Even more remarkable than the tragedy of the Greeks, in its rendering of a didactic intention under the forms of a free and spontaneous art, is the older comedy known to us through the works of Aristophanes. As the former dealt with the general conceptions, religious and ethical, that underlay the Greek view of life, using as its medium of exposition the ancient national myths, so the latter dealt with the particular phases of contemporary life, employing the machinery of a free burlesque. The achievement of Aristophanes, in fact, is more astonishing, in a sense, than that of Aeschylus. Starting with what is always, prima facie, the prose of everyday life, its acrid controversies, its vulgar and tedious types, and even its particular individuals—for Aristophanes does not hesitate to introduce his contemporaries in person on the stage—he fits to this gross and heavy stuff the wings of imagination, scatters from it the clinging mists of banality and spite and speeds it forth through the lucid heaven of art amid peals of musical laughter and snatches of lyric song. For Aristophanes was a poet as well as a comedian, and his genius is displayed not only in the construction of his fantastic plots, not only in the inexhaustible profusion of his humane and genial wit, but in bursts of pure poetry as melodious and inspired as ever sprang from the lips of the lyrists of Greece or of the world. The basis of the comic as of the tragic art of the Greeks was song and dance; and the chorus, the original element of the play, still retains in the works of Aristophanes a place important enough to make it clear that in comedy, too, a prominent aspect of the art must have been the aesthetic appeal to the ear and the eye. In general structure, in fact, comedy and tragedy were alike; aesthetically the motives were similar, only they were set in a different key.
But while primarily Aristophanes, like the tragedians, was a great artist, he was also, like them, a great interpreter of life. His dramas are satires as well as poems, and he was and expressed himself supremely conscious of having a "mission" to fulfil. "He has scorned from the first," he makes the chorus sing of himself in the "Peace":
"He has scorned from the first to descend and to dip
Peddling and meddling in private affairs:
To detect and collect every petty defect
Of husband and wife and domestical life;
But intrepid and bold, like Alcides of old,
When the rest stood aloof, put himself to the proof
In his country's behoof."
[Footnote: Aristoph.
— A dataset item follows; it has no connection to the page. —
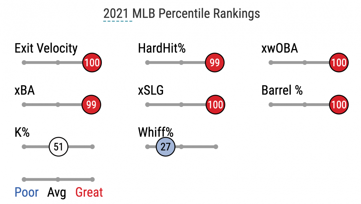 To put that exit velocity in perspective, it would've ranked second-highest out of all his batted balls in the entire 2020 season, and sixth in 2019.

Peace, 751 seq.—Translated by Frere.]
His aim, in fact, was deliberately to instruct his countrymen in political and social issues; to attack the abuses of the Assembly, of the Law-courts and the home; to punish demagogues, charlatans, professional politicians; to laugh back into their senses "revolting" sons and wives; to defend the orthodox faith against philosophers and men of science. These are the themes that he embodies in his plots, and these the morals that he enforces when he speaks through the chorus in his own person. And the result is an art-product more strange to the modern mind in its union of poetry with prose, of aesthetic with didactic significance, than even that marvellous creation, the Greek tragedy. Of the character of this comedy the reader may form an idea through the admirable and easily accessible translations of Frere; [Footnote: In Morley's Universal Library.] and we are therefore dispensed from the obligation to attempt, as in the case of tragedy, an account of some particular specimen of the art.